AllahPundit has a substantive post on what Kennedy says about this issue -- he spends a whole paragraph on it! It's also dicta -- statements which are not compelled by the decision at hand, but are speculations about future cases which are not yet before the court -- so none of his very weak reassurances are even binding, or precedent.
The dissenting justices notice this.
Clarence Thomas:
Aside from undermining the political processes that protect our liberty, the majority’s decision threatens the religious liberty our Nation has long sought to protect. …
In our society, marriage is not simply a governmental institution; it is a religious institution as well. Id., at 7. Today’s decision might change the former, but it cannot change the latter. It appears all but inevitable that the two will come into conflict, particularly as individuals and churches are confronted with demands to participate in and endorse civil marriages between same-sex couples.
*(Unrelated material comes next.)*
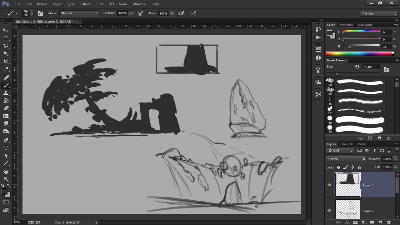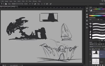 Okay, so let's get started with some exploration sketches just to get the brain going before we get into the thumbnail sketching. Before we kinda even go into that, let's just talk about Photoshop real quickly. I didn't talk about it before, but this is kind of Photoshop out of the package of what you see. You can customize it any way you want, it's really cool because you can always move around these kind of tabs, all that kind of stuff and customize it any way you want. So I highly encourage you at any point in time when you have some free time just to kind of tinker around in Photoshop a little bit and find a work space that works for you. So, by default, I use the painting one, depending on what you're trying to do. But painting is probably the best one, I think, because it has all my brushes right there, has the Layers, Channels, Path. All the things that I use on a daily basis and all my tools are on the right hand side. So, for right now we're probably just gonna use the brush tool. So, I'll give you guys my brushes so you guys can have those. I do have a lot of them and I apologize in the beginning. But as an environment guy you need a lot of brushes to save you time. But for the most part, I'll probably just be using like this brush and this brush, now nothing too crazy. Okay? If you don't know how to upload brushes, it's very very simple. All you have to do is just go to the brush option, click on your style list. And then you can just go right here in this little cog or the dialog box and then just go to load brushes, find the file and there you go. So let's get started, I'm just gonna start drawing anything and everything. You know? And so this is gonna be all over the place. And so you wanna think of this as a sketch book, it doesn't really matter if you're thinking in lines, thinking in value. It does not matter, if anything just start moving. I think that's probably the biggest thing that I see students kinda get caught up in. They're just like, what do I do, what do I do? Just start moving, just start thinking of something and just start going. Doesn't matter if it's cool or not, just again, start moving, start getting the brush going, and eventually things will figure itself out. And luckily I had some of that inspiration so now if I like something, I have kind of a good idea where it came from. So maybe there's like a bit of a architecture here. I'm just kind of erasing, so, I like to erase a lot because it kind of paints negatively too when you use the eraser tool. So you get some of these weird things that happen. So I'm just imagining this is kind of like a tree or something. All right, that's cool. And then maybe, So I'm just painting these little again just think of it like a sketchbook. You're just writing ideas out, that's all you can really do at this point. And I'm just kinda going here. So I have no idea what it could be, if it's even cool or not, but again, this is for me. Again, most of the time actually, I don't even show people these things because they're so rough. But again, it's very imperative for me to get to the final result. Otherwise, if I just kinda go for a final painting right off the bat, it's very unlikely. So the cool thing about this too is that I can always move this around and I can start something completely new. It doesn't really matter, so let's actually do that. Let's start something new and maybe this time, I'll use lines. So I'm gonna use a brush that's kind of better for lines and I'm just gonna start drawing something. And again, that's kind of the cool part about Photoshop or what I kinda wanna get across in this class is just the freedom just to do whatever you want. I don't want you guys to feel constrained or feel like you have to do it my way, that's totally not the case. You can do it the way that definitely fits you. My job is to just kind of show you different ways to approach it and then you guys can kind of pick the best one that suits you. So there's definitely no right or wrong answer to all this stuff, you know what I mean? So I'm thinking of like a rock and there's a waterfall and there's some kind of floaty thing around it. And again this could be a bad sketch. It could be a crappy sketchy. It could be a good sketch. I have no idea, because I didn't plan it. And that's the beauty of it, is that we're just letting our brain just work. And so we already looked at some reference. We already looked at some inspiration and so now we're just gonna just let that happen, so there you go. And maybe, this idea right here, I kind of want to think about that some more. So maybe I can go in here and think about that sketch a little bit more in detail. So now I'm kind of just sketching it a little more just so I can understand it better. And again just kind of sketching some ideas out, nothing too crazy. And even sometimes I'll even put a bounding box on mine. So, that's a kind of cool idea, but not really. I even put a bounding box on mine sometimes just to kind of help me understand where is it gonna be at the composition. So again, if you're having trouble, just work small. If if it's not working out for you just work very, very small. If you can work small and keep it to like two or three values in between, it's gonna make your job a lot easier. So notice here how small I'm working, is because I'm trying to figure some things out so I only have a couple of different values. And so if I can kind of make this read right in this small small little sketch, when I go into that thumbnail it should be a lot easier. So it's exactly what I'm banking on here, so you'll see me do a lot of these. It's probably one of my favorite ways to design, is think of small little thumbnails like this. And it kind of this helps me get some ideas up and I'm just thinking about the form the composition. And then sometimes, if I want to, I can go back in here later on and then really kind of design some things out. And so notice I jump around a lot as w

The majority appears unmoved by that inevitability. It makes only a weak gesture toward religious liberty in a single paragraph, ante, at 27. And even that gesture indicates a misunderstanding of religious liberty in our Nation’s tradition. Religious liberty is about more than just the protection for "religious organizations and persons . . . as they seek to teach the principles that are so fulfilling and so central to their lives and faiths." Ibid. Religious liberty is about freedom of action in matters of religion generally, and the scope of that liberty is directly correlated to the civil restraints placed upon religious practice.7
That is -- religious conscience is more than just what we do in the two hours a week we spend in church. Though Kennedy reassures you that for those two hours, you are free to "advocate" for your bigoted, unsupportable, and evil views.